If you’re in the unfortunate predicament of needing to cover the whole globe with good measurements and shape accuracy, then most likely a single spatial reference system isn’t going to cut it. A common favorite is the UTM family of SRIDs. There are about 60 UTM SRIDs for WGS 84, each covering six-degree longitudinal strips. There is also a series of UTMs for NAD 83, but the WGS 84 one is more common.

You’ll need to figure out the UTM WGS 84 SRID for your particular dataset. There is a function for that in the PostGIS wiki at http://trac.osgeo.org/postgis. The following listing shows a slight variant of that function that takes any geometry and returns the WGS 84 UTM SRID of the centroid of that geometry.

Listing 6.1. Determing WGS 84 UTM SRID of a geometry

We convert our geometry to a point and then transform it to WGS 84 lon lat. This function assumes the SRIDs are named the same as the EPSG for UTMs, which is the case with the default spatial_ref_sys that comes packaged with PostGIS. We determine whether latitude is positive or negative: UTM EPSG numbers start with 32600 and increment every six degrees. Negative latitude, or 0, starts at 32700. So the final SRID is between these numbers.
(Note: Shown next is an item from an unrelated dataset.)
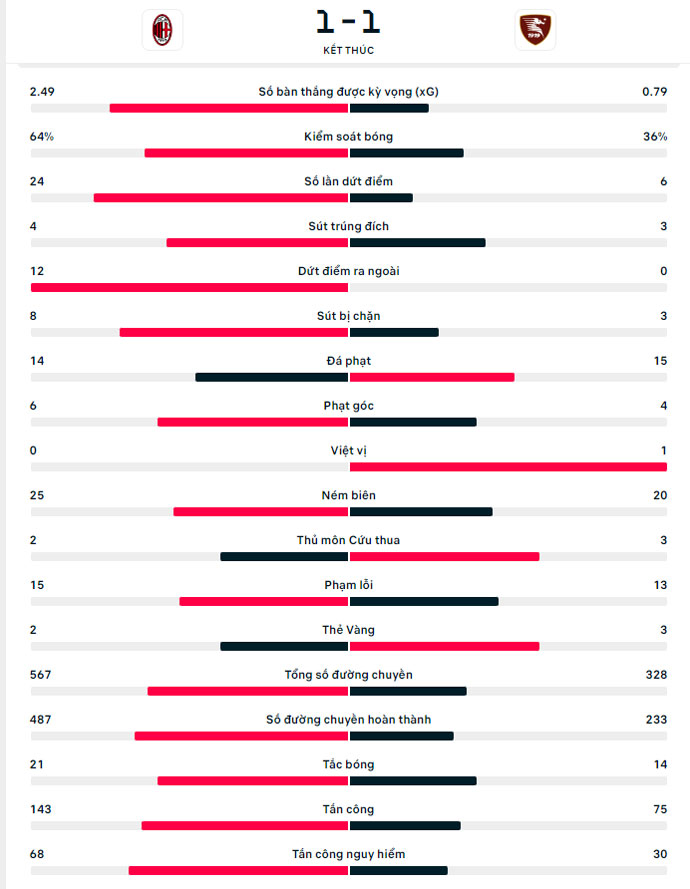 Các cơ hội được tạo ra rất nhiều nhưng các chân sút của Milan không thể kiếm nổi bàn thứ 2. Với kết quả này, Milan đứng thứ 4 trên BXH Serie A khi có 47 điểm còn Salernitana xếp thứ 16 với 25 điểm.

If you need to maintain multiple SRIDs, you have three approaches:

  • Store one (usually 4326) and transform on the fly as needed.
  • Maintain one for each region and possibly partition your data by region using table inheritance.
  • Maintain multiple geometries, one field for each you commonly use.

There are many philosophies about the correct way to go, and none is right or wrong. For our cases, we’ve found that keeping one SRID (usually 4326) and transforming as needed works best, provided we maintain functional indexes on transforms used for distance calculations. We also like using views as an abstraction layer where the view contains the calculated transform. PostgreSQL supports not only functional indexes but also partial ones. A partial index, for example, allows you to index only part of your data. So in general you should only apply an ST_Transform function for the region defined for a given UTM; otherwise you’ll run into coordinate bounds issues. Generally speaking, it’s best to partition your data using table inheritance and use different transform indexes for each table separately. The following listing is an example of a functional st_transform index and a possible view you may create to take advantage of it.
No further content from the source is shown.